What the task requires> In the data below, begin at the line with "Deze prachtige mat" and stop after the line with "Перед входом в"; output those lines exactly and no pictures.

Data>
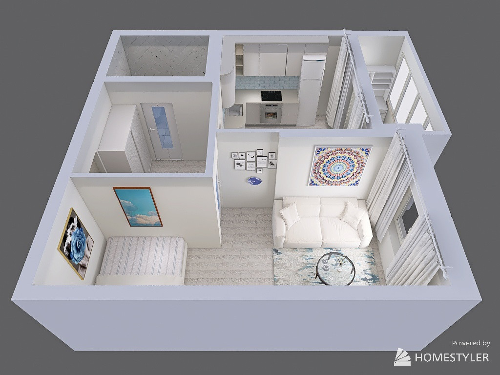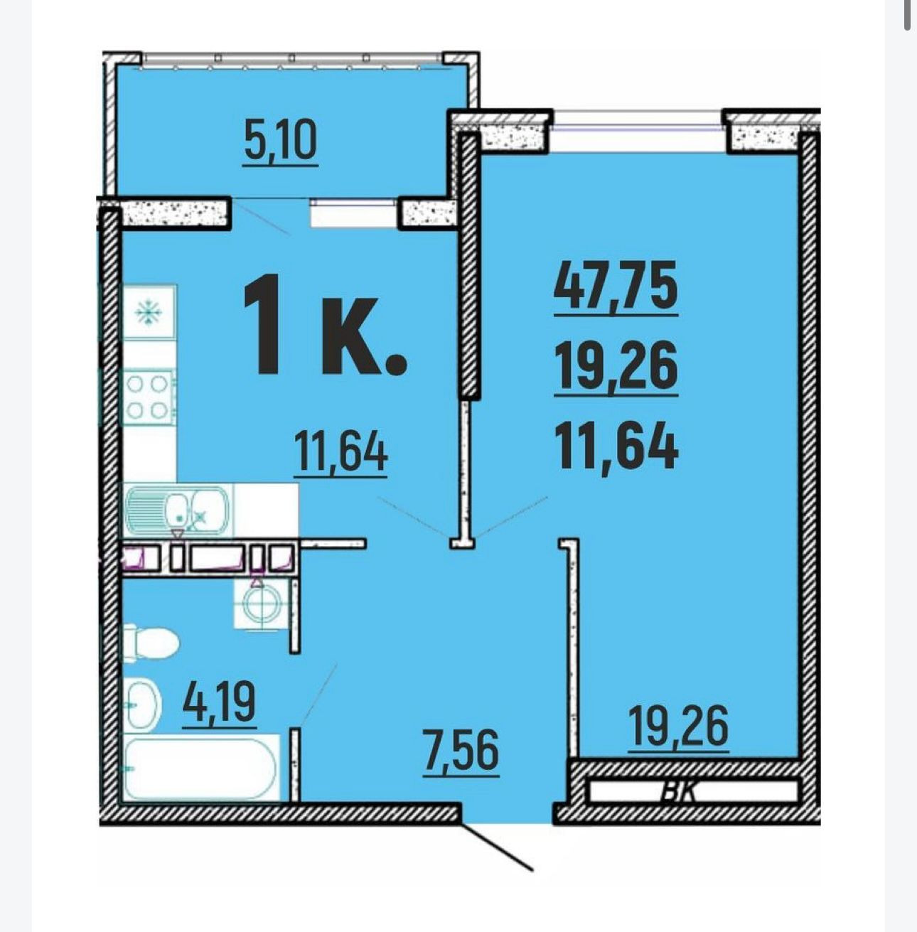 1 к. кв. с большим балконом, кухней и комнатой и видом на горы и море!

* * *

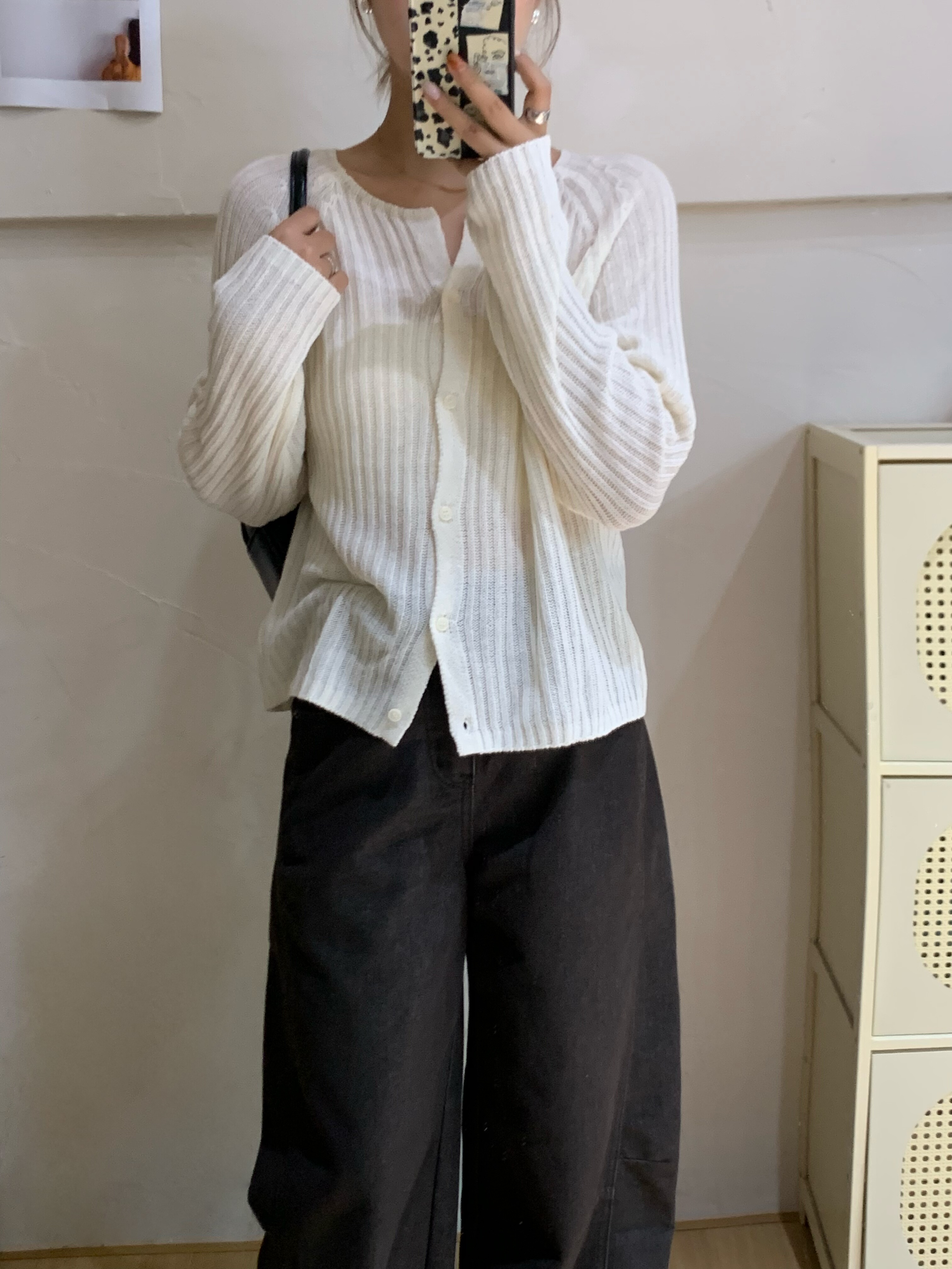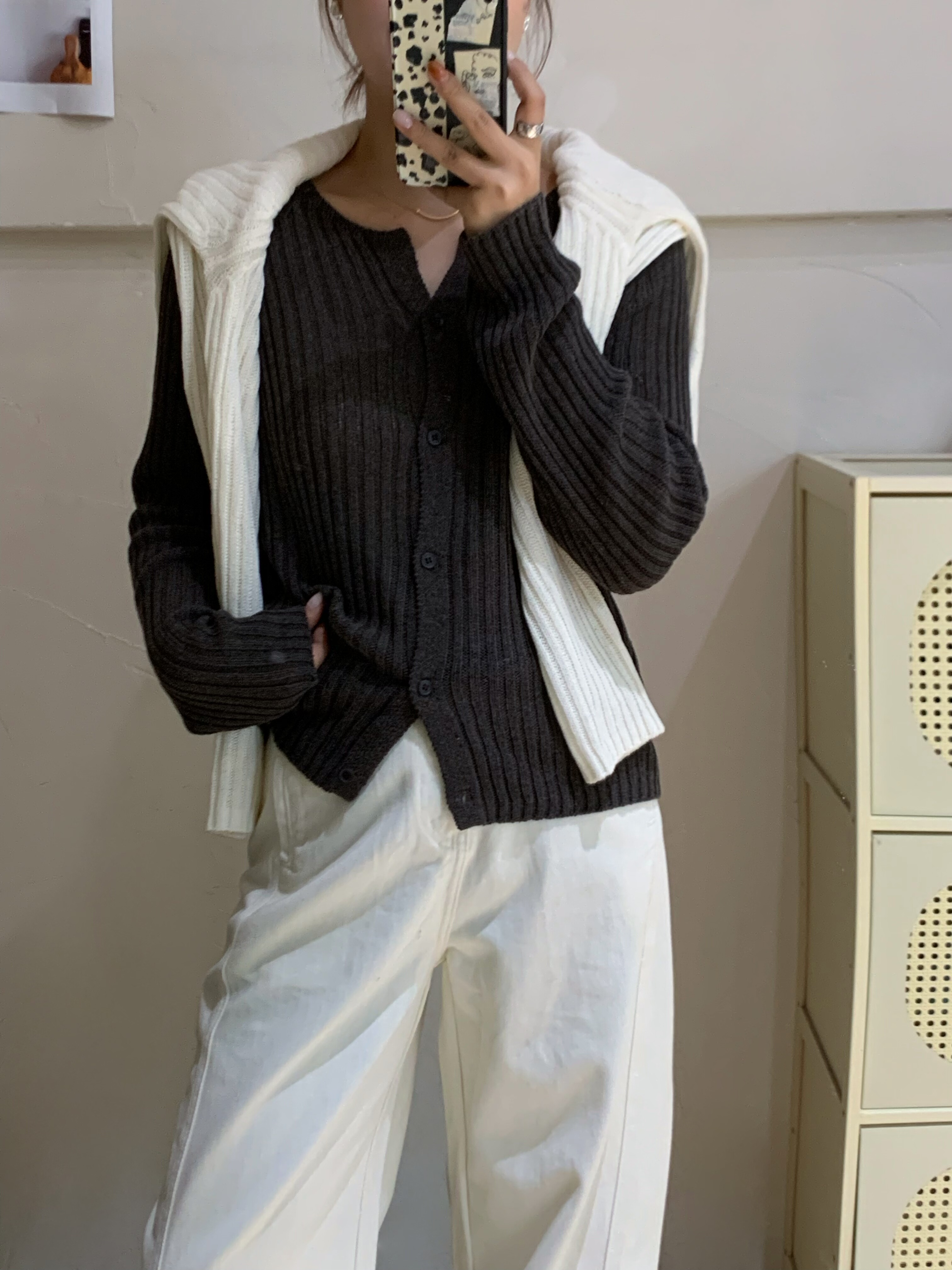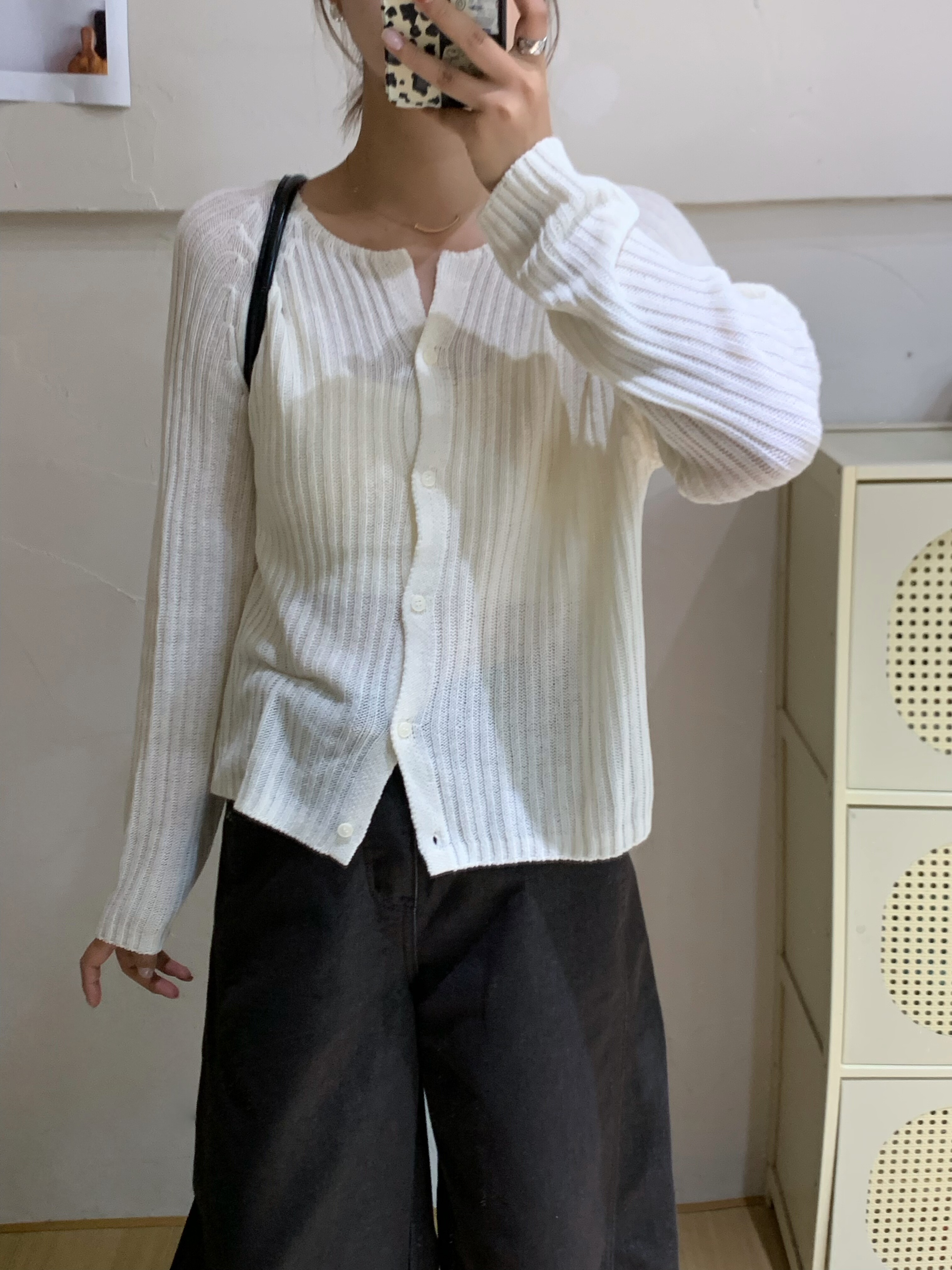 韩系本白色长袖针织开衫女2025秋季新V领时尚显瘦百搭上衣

--

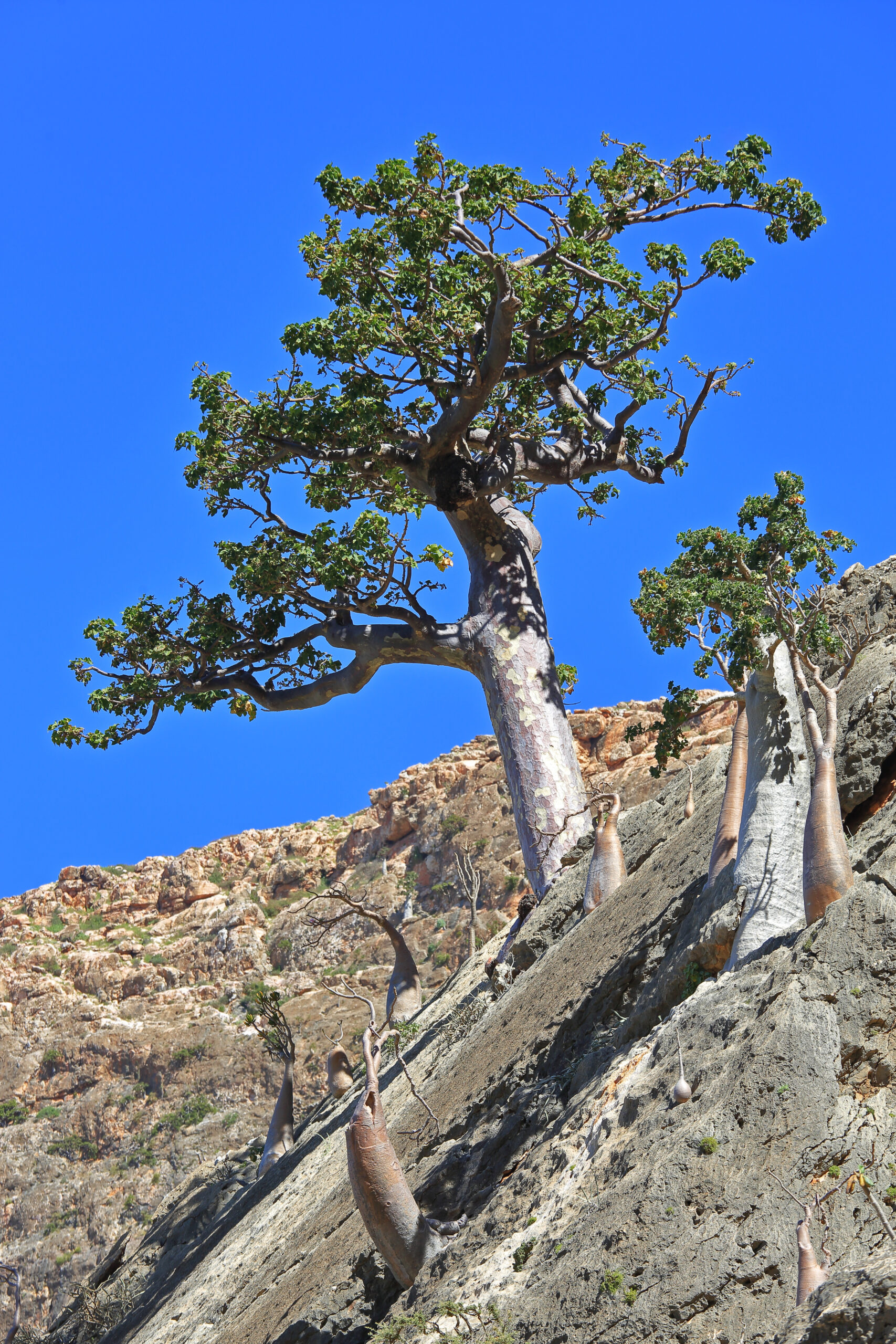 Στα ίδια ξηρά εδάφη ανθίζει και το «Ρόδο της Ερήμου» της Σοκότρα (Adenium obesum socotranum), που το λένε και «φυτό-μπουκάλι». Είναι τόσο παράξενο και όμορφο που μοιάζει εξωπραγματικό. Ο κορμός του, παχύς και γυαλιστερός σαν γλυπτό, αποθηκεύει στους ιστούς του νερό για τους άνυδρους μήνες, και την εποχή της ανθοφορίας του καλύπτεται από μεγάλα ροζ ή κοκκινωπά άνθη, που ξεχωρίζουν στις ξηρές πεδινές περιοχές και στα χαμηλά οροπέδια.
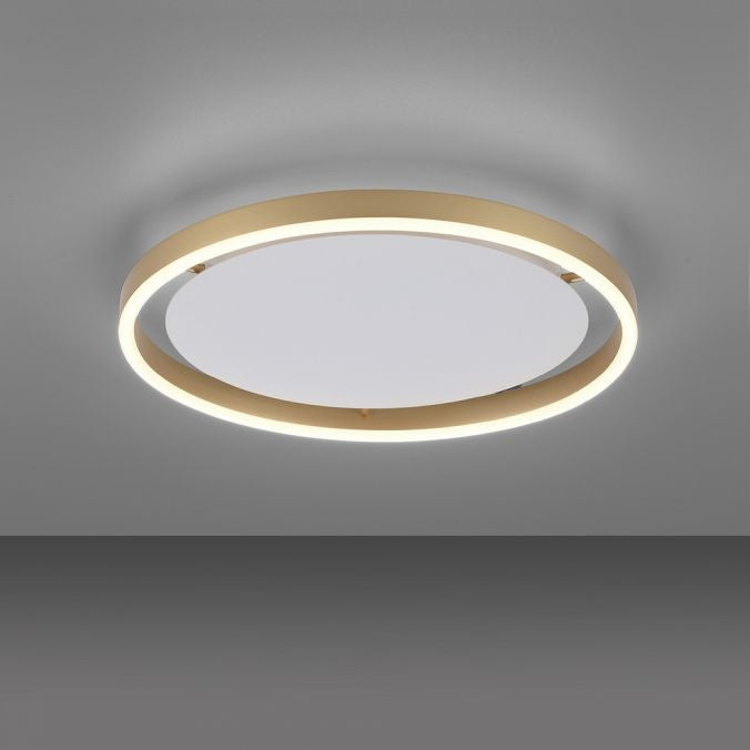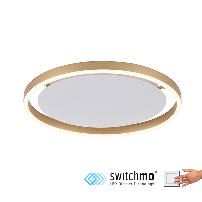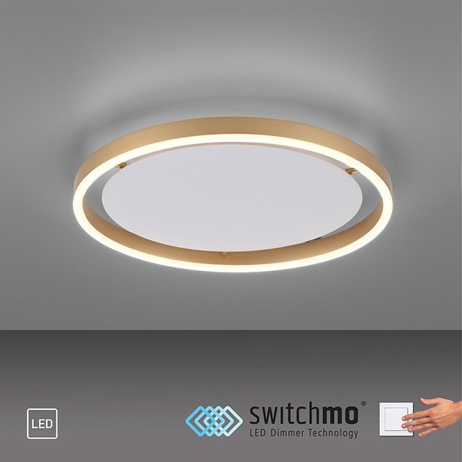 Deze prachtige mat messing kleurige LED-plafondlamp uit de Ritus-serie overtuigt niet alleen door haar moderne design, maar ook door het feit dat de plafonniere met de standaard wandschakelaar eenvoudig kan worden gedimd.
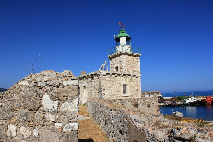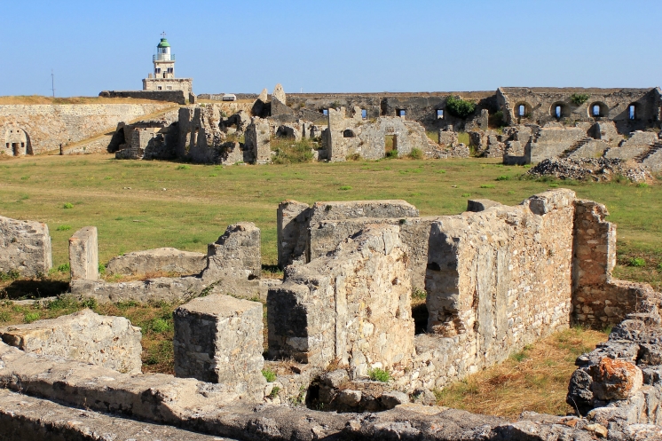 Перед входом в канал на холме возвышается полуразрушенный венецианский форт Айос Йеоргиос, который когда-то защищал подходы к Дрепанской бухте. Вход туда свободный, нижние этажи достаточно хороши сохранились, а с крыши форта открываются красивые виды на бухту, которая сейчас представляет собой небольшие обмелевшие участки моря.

Task answer>
 Deze prachtige mat messing kleurige LED-plafondlamp uit de Ritus-serie overtuigt niet alleen door haar moderne design, maar ook door het feit dat de plafonniere met de standaard wandschakelaar eenvoudig kan worden gedimd.
 Перед входом в канал на холме возвышается полуразрушенный венецианский форт Айос Йеоргиос, который когда-то защищал подходы к Дрепанской бухте. Вход туда свободный, нижние этажи достаточно хороши сохранились, а с крыши форта открываются красивые виды на бухту, которая сейчас представляет собой небольшие обмелевшие участки моря.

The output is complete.